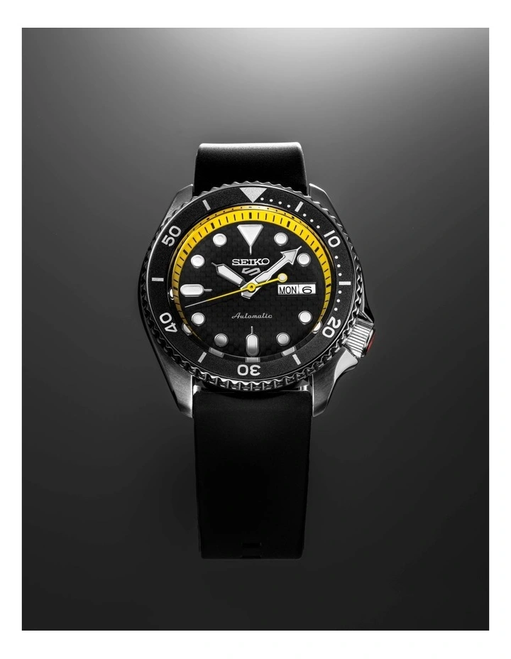 The rubber strap takes inspiration from the slick racing tyre and the watches are packaged in a sleek presentation box. Featuring the calibre 4R36, this automatic watch is powered by the movement of the wearer or by winding the crown and has approximately 41 hours power reserve at full charge.
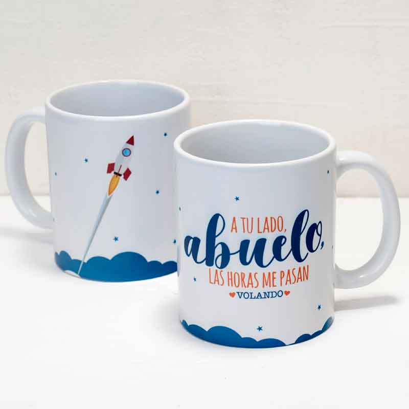 Taza Mug «Contigo Abuelo» las horas se me pasan volando, un bonito detalle de agradecimiento para nuestro padre y abuelo, seguro que aciertas, por la intención tan maravillosa y el simpático y bonito diseño de esta taza.
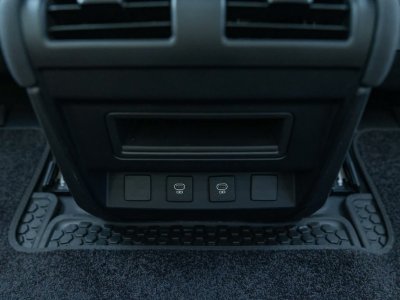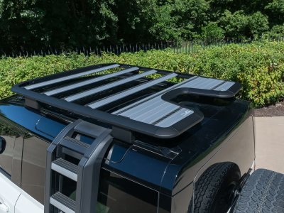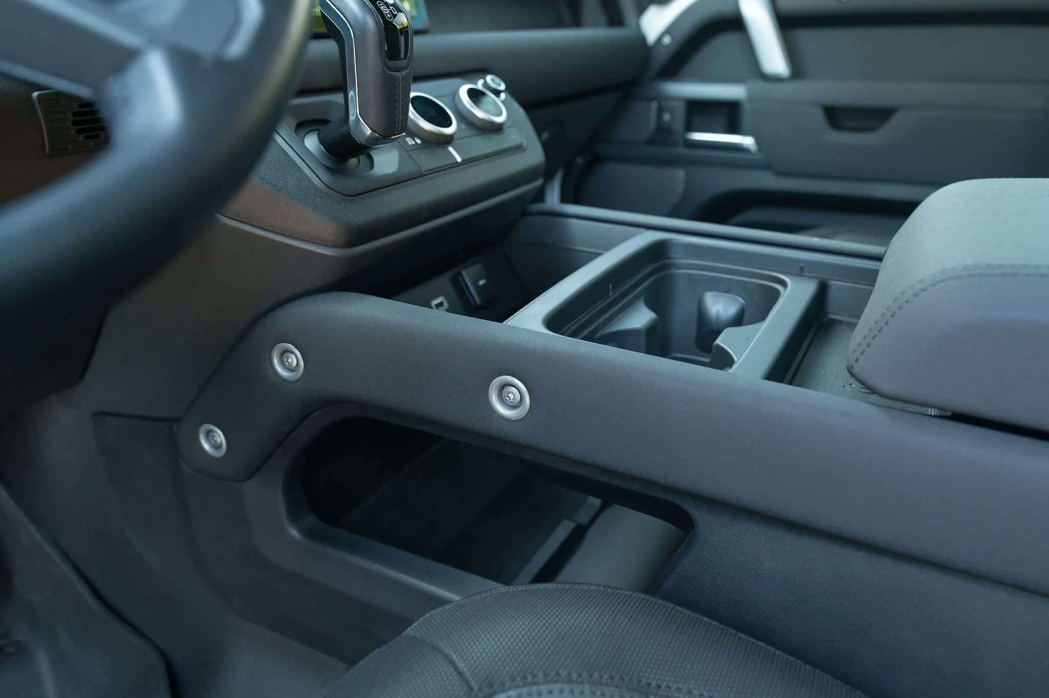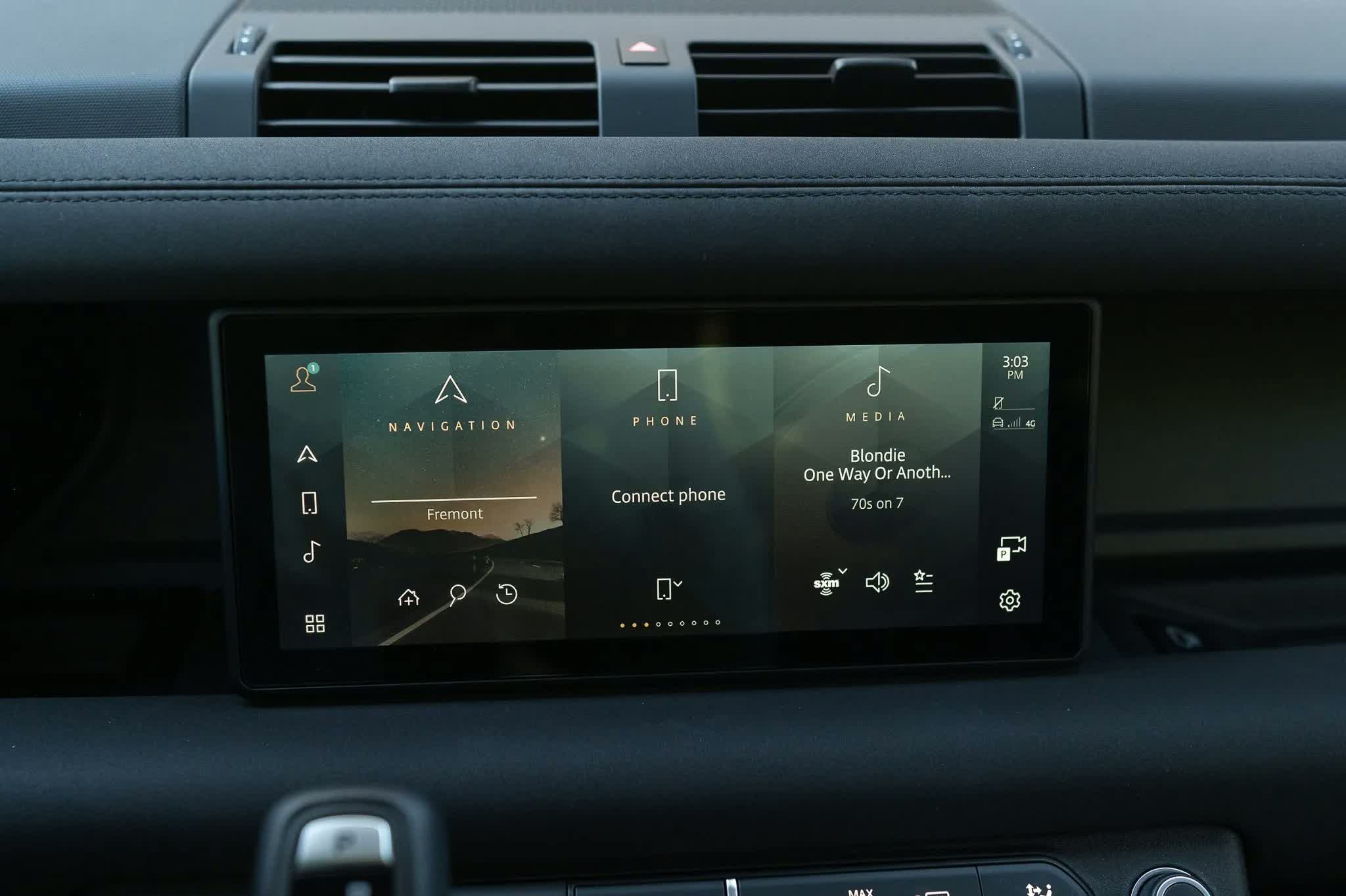 The truck is finished in Fuji White with the Extended Black Exterior Pack that features a gloss black grille, Defender script, checkerplate trim, and fender vents. Additional exterior details include a 360-degree camera system, fog lights, rain-sensing wipers, mud flaps, a panoramic sunroof, a receiver hitch, and a cargo rack with an access ladder. The truck is optioned with the Cold Climate Pack, which adds a heated windshield, wiper jets, and headlight washers. Gloss-black 19″ wheels are wrapped in 255/65 Goodyear Wrangler All-Terrain Adventure tires, and a matching spare is mounted on the rear door. The truck is equipped with the Terrain Response 2 system, Hill Descent Control, and the Air Suspension Package, which features an electronic air suspension, Adaptive Dynamics, and automatic headlight leveling. The cabin features heated front seats and a split-folding rear bench upholstered in Ebony Grain Leather Robustec upholstery over all-weather flooring. Amenities include dual-zone climate control, a surround-view camera, a Meridian sound system, and a 10.1″ infotainment system with navigation, Apple CarPlay, and Android Auto.

____

## Assigned task
Go from the first line of the data above to the line containing "de esta taza." and retype exactly those lines, both included, but none of the pictures.

## Result of this task
 The rubber strap takes inspiration from the slick racing tyre and the watches are packaged in a sleek presentation box. Featuring the calibre 4R36, this automatic watch is powered by the movement of the wearer or by winding the crown and has approximately 41 hours power reserve at full charge.
 Taza Mug «Contigo Abuelo» las horas se me pasan volando, un bonito detalle de agradecimiento para nuestro padre y abuelo, seguro que aciertas, por la intención tan maravillosa y el simpático y bonito diseño de esta taza.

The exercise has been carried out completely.